Tout est organisé minutieusement, à la seconde près. Alors que certains s’occupent du chargement de l’argent volé, d’autres détruisent le matériel sur place. Les images montrent un homme qui met le feu aux véhicules qui ont permis d’arrêter le convoi. Il allume un cocktail Molotov et le jette dans la voiture de tourisme qui s’est collée à l’arrière du transport de fonds. La fourgonnette bélier, elle, avait pris feu quelques secondes auparavant. Le feu est utilisé pour effacer les traces, forcer les convoyeurs à sortir de leur cabine.

Selon notre expert, ces professionnels savent aussi utiliser les explosifs. Ils ne le font pas toujours. Il est en effet assez difficile de les manipuler en toute sécurité et de les fixer au bon endroit. Il est tout aussi difficile de choisir la bonne quantité. Enfin, la mise à feu de ces explosifs peut prendre plusieurs minutes, ce qui est parfois trop long pour une opération qui doit se dérouler le plus rapidement possible.

La fuite

Les auteurs n’affichent aucune précipitation. Ils chargent, incendient et montent dans les breaks noirs tranquillement. Les voitures s’en vont au pas. Ce calme n’étonne pas notre expert. Ces images ne montrent pas les hommes de main qui assurent l’encadrement de l’opération. Il y a certainement des hommes armés pour assurer la sécurité, guetter l’arrivée de la police.
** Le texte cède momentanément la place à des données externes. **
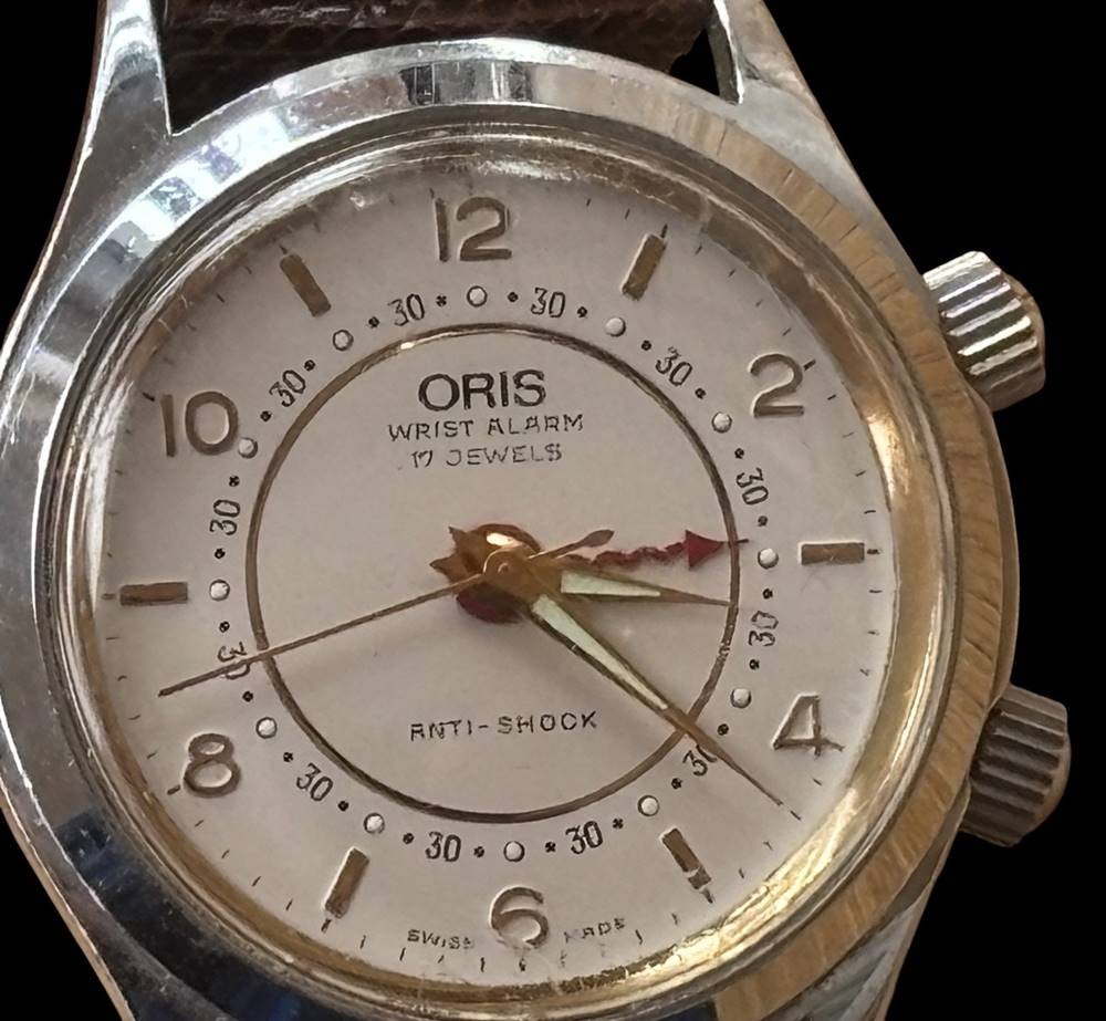 mechan. HAU "Oris", Lederband, Handaufzug, Werk läuft, guter Zustand, ca. D-3,5cm [1]

Ce sang-froid s’explique aussi par le professionnalisme des auteurs, ajoute notre expert. «L’attaque a été planifiée, entraînée et exécutée avec un grand degré d’expérience.» La préparation est la clé du succès. Les auteurs effectuent des reconnaissances sur place et des filatures pour choisir où agir. Ils font aussi des enquêtes et des planifications détaillées. Tout cela demande du temps, de l’argent et des ressources humaines. «Des complicités internes facilitent peut-être ce travail, mais une opération reste avant tout une action planifiée de longue date.»

Images: Keystone

Créé: 07.12.2019, 23h01

Les fourgons ne doivent plus se déplacer seuls, mais escortés»

Le fourgon a été braqué à Daillens. À deux pas du centre colis de La Poste, point de départ et d’arrivée des convois de fonds. Il y a deux chemins pour accéder à ce terminal depuis l’autoroute A1. Le lieu de l’embuscade, lundi dernier, était isolé, à la sortie du village. Il y faisait nuit noire à 19 h 40.

Comment faire pour améliorer la sécurité? «Les transports de fonds ne doivent plus se déplacer seuls, mais en convoi ou escortés», estime Alexandre Vautravers. Cet expert, coordinateur du MAS en sécurité à l’Université de Genève, estime que des mesures d’urgence peuvent être prises. Ces caravanes de convoyeurs se composeraient de fourgons pour l’argent et d’autres véhicules pour l’escorte armée.

Notre expert propose d’autres solutions. Selon lui, la collaboration avec les patrouilles de police et le renforcement de la surveillance aux frontières sont essentiels: les braqueurs viennent de France voisine.

Ces propositions s’ajoutent à celles déjà formulées la semaine dernière. Cette dernière attaque à Daillens a été un déclic. Les partenaires public et privé estiment qu’il faut agir vite. Un terrain d’entente a déjà été trouvé sur trois points: le blindage renforcé des véhicules, la destruction automatique de l’argent et la limitation des montants transportés. Reste la question des coûts et du timing.